HM Inspectorate of Prisons
18. HMIP carried out an inspection of Bristol in May and June 2019. Following the
inspection, HM Chief Inspector of Prisons invoked the Urgent Notification process
informing the Secretary of State for Justice that there were numerous significant
concerns about the treatment and conditions of prisoners.
19. Inspectors found that in relation to sentence progression; offender supervisor
contact was reasonably frequent. Some prisoners remained at the establishment for
too long and were unable to progress or address their offending needs. Public
protection arrangements were not sufficiently robust. Not all prisoners had their
resettlement needs addressed on arrival. Despite strenuous efforts to address
accommodation needs, far too many prisoners were released homeless or to
temporary accommodation.
20. HMIP carried out a scrutiny visit to Bristol in September 2020, reporting on
conditions and treatment of prisoners during the COVID-19 pandemic. Inspectors
reported that Bristol was a much-improved prison. The percentage of prisoners
released without settled accommodation had reduced since their last inspection
(when it was 47%) but, at 25% during the pandemic, was still far too high.

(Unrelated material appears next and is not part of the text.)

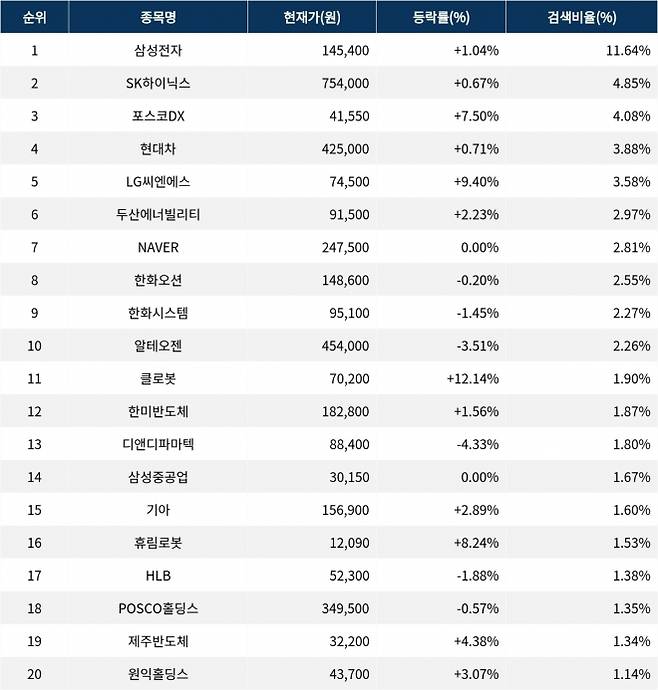 이어 SK하이닉스(000660)가 검색비율 2위를 기록하며 0.67%의 상승세를 보이고 있다. 검색비율 3위의 포스코DX(022100)는 7.50% 상승하며 순조롭게 출발하는 모습이다. 검색비율 4위 현대차(005380)는 개장 초반부터 0.71% 상승하며 안정적인 출발을 하고 있다. 검색비율 5위 LG씨엔에스(064400)는 9.40% 상승하며 두드러진 움직임을 보이고 있다.

HM Inspectorate of Probation
21. The most recent inspection of Thames Valley Community Rehabilitation Company
(now part of the National Probation Service) was in January 2020. Inspectors rated
the service as good. Inspectors were impressed with the work of the ‘Through the
Gate Team’, which, following national changes to the specification of this work, was
providing comprehensive support to those being released from prison. Inspectors
said that there remained work to do, to ensure that sentence plans were delivered
in all cases and allow individuals to benefit from the interventions available.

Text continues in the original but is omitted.